▶ [INFORMATION PROVIDED]:
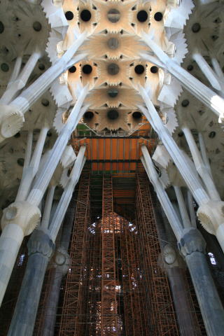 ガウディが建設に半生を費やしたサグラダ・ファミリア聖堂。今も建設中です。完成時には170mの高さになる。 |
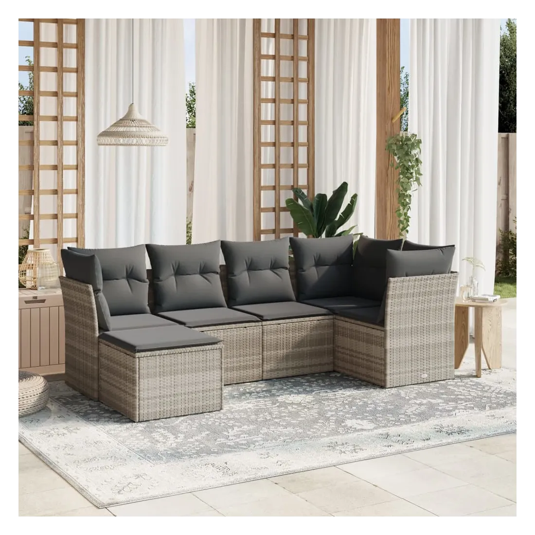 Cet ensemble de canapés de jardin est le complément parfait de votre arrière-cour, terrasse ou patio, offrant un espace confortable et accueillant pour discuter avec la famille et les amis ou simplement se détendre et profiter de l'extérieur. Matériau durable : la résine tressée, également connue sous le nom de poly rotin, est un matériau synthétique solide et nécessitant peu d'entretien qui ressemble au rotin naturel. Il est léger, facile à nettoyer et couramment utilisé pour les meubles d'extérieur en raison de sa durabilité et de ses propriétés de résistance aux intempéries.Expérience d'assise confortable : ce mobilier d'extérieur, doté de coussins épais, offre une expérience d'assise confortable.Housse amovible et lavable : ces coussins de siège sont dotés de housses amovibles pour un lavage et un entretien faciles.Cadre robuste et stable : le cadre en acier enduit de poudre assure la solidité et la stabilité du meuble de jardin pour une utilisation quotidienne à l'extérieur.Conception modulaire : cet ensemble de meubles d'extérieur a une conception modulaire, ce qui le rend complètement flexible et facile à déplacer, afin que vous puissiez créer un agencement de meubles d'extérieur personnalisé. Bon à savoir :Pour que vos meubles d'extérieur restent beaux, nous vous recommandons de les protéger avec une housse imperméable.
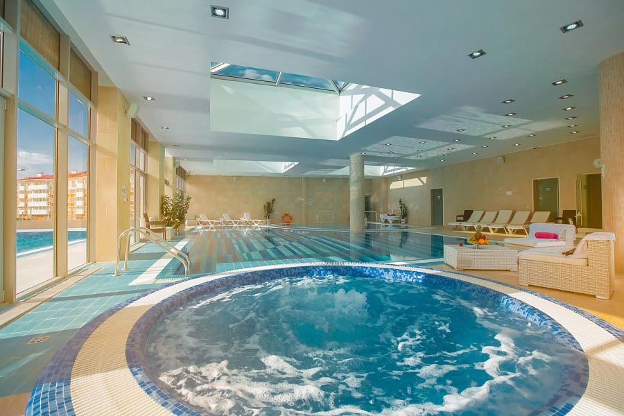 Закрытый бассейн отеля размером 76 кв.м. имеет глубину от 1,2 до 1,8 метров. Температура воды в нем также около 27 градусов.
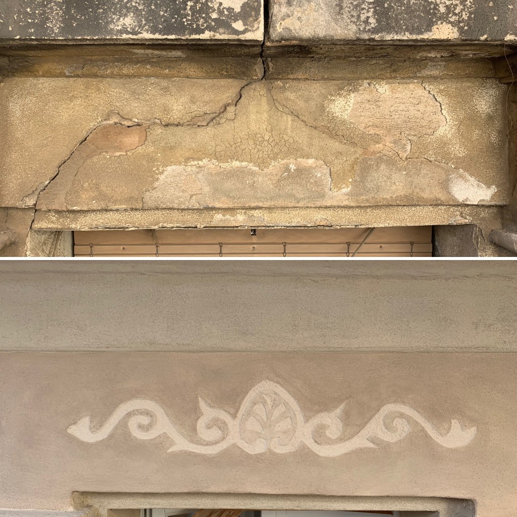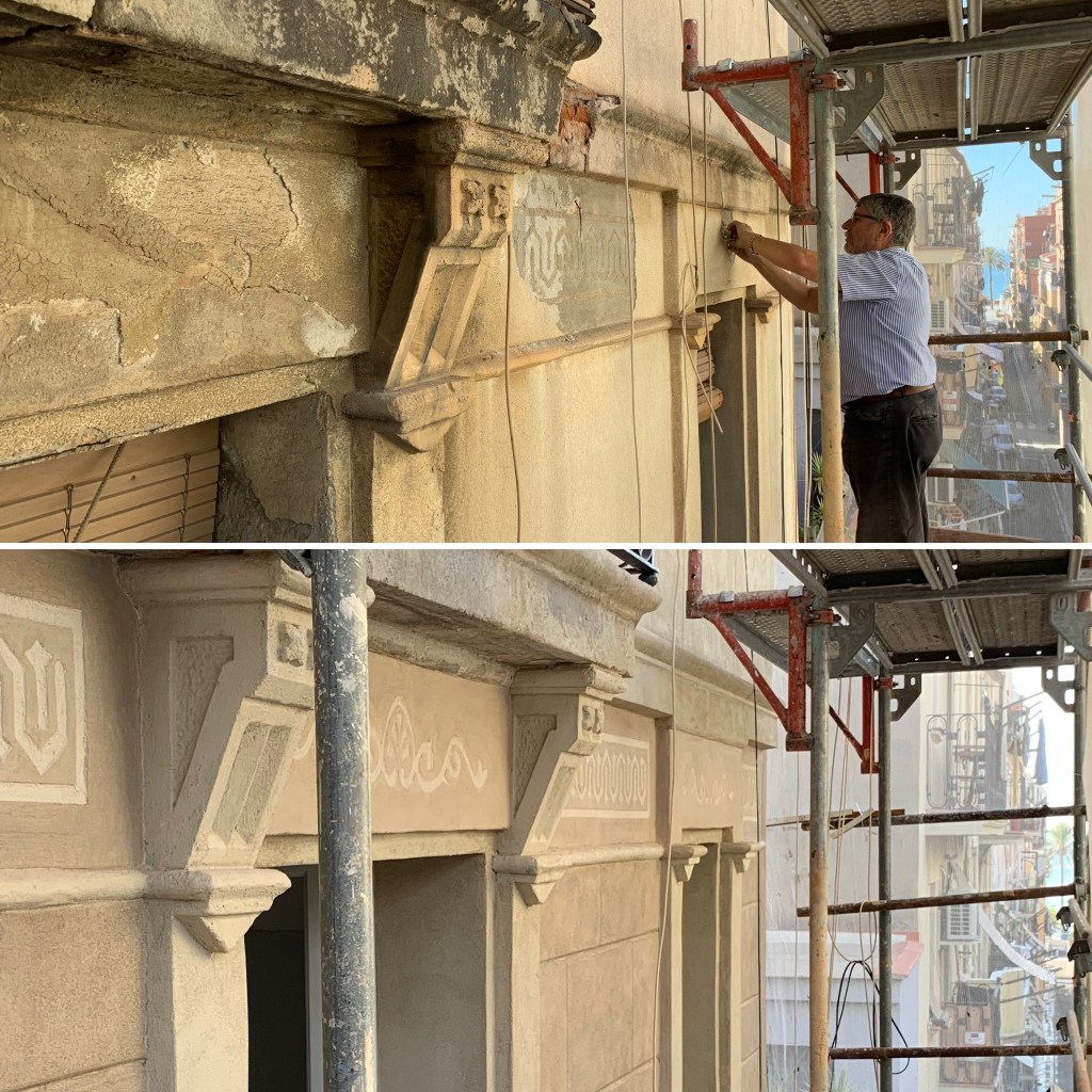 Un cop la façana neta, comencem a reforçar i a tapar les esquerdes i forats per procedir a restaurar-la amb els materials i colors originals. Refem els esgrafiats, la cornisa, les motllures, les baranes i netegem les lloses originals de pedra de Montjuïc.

---

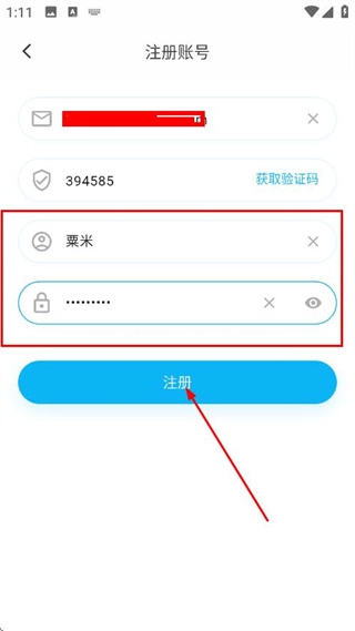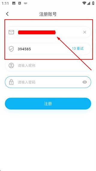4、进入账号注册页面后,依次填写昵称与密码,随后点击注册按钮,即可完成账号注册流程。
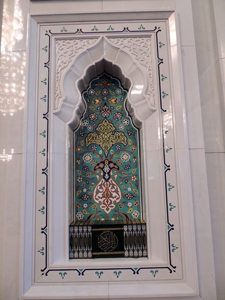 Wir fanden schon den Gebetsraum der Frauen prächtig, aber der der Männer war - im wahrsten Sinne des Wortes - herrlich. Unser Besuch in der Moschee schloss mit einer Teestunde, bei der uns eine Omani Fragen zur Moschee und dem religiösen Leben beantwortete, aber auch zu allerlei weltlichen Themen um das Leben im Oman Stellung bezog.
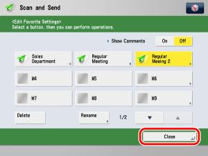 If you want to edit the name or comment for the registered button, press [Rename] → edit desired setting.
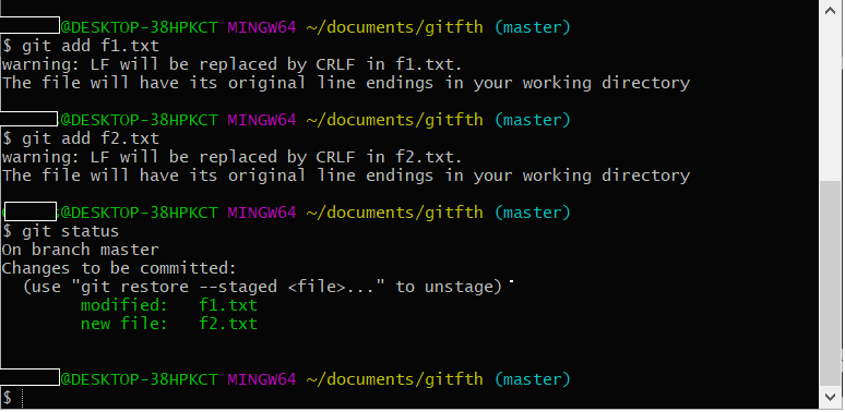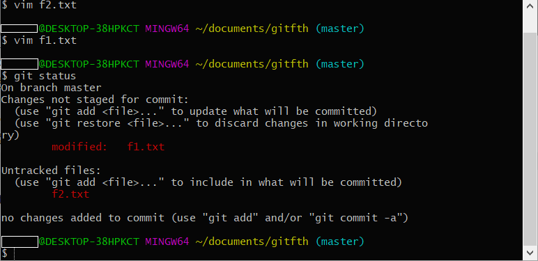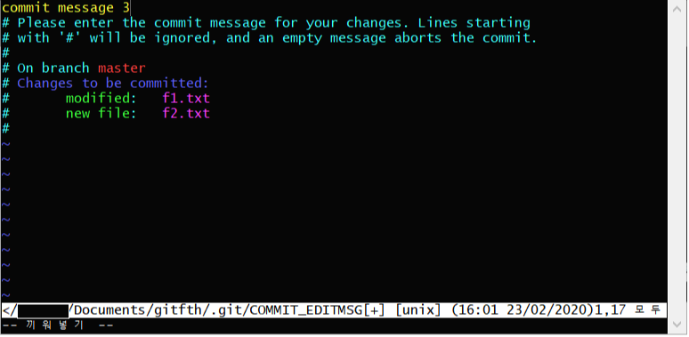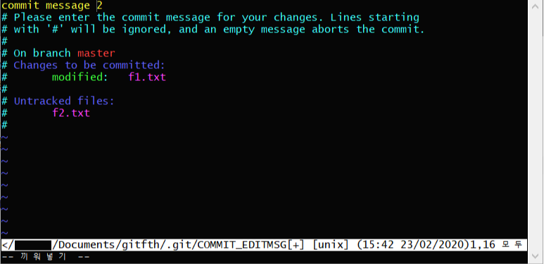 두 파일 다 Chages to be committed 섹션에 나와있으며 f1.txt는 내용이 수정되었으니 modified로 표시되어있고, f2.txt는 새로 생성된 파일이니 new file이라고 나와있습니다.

▶ [WHAT THIS TASK INVOLVES]:
Write back word for word every line in the entries above from the one with "4、进入账号注册页面后,依次" to the one with "두 파일 다 Chages", ends included, and none of the pictures.

▶ [RESPONSE]:
4、进入账号注册页面后,依次填写昵称与密码,随后点击注册按钮,即可完成账号注册流程。
 Wir fanden schon den Gebetsraum der Frauen prächtig, aber der der Männer war - im wahrsten Sinne des Wortes - herrlich. Unser Besuch in der Moschee schloss mit einer Teestunde, bei der uns eine Omani Fragen zur Moschee und dem religiösen Leben beantwortete, aber auch zu allerlei weltlichen Themen um das Leben im Oman Stellung bezog.
 If you want to edit the name or comment for the registered button, press [Rename] → edit desired setting.
 두 파일 다 Chages to be committed 섹션에 나와있으며 f1.txt는 내용이 수정되었으니 modified로 표시되어있고, f2.txt는 새로 생성된 파일이니 new file이라고 나와있습니다.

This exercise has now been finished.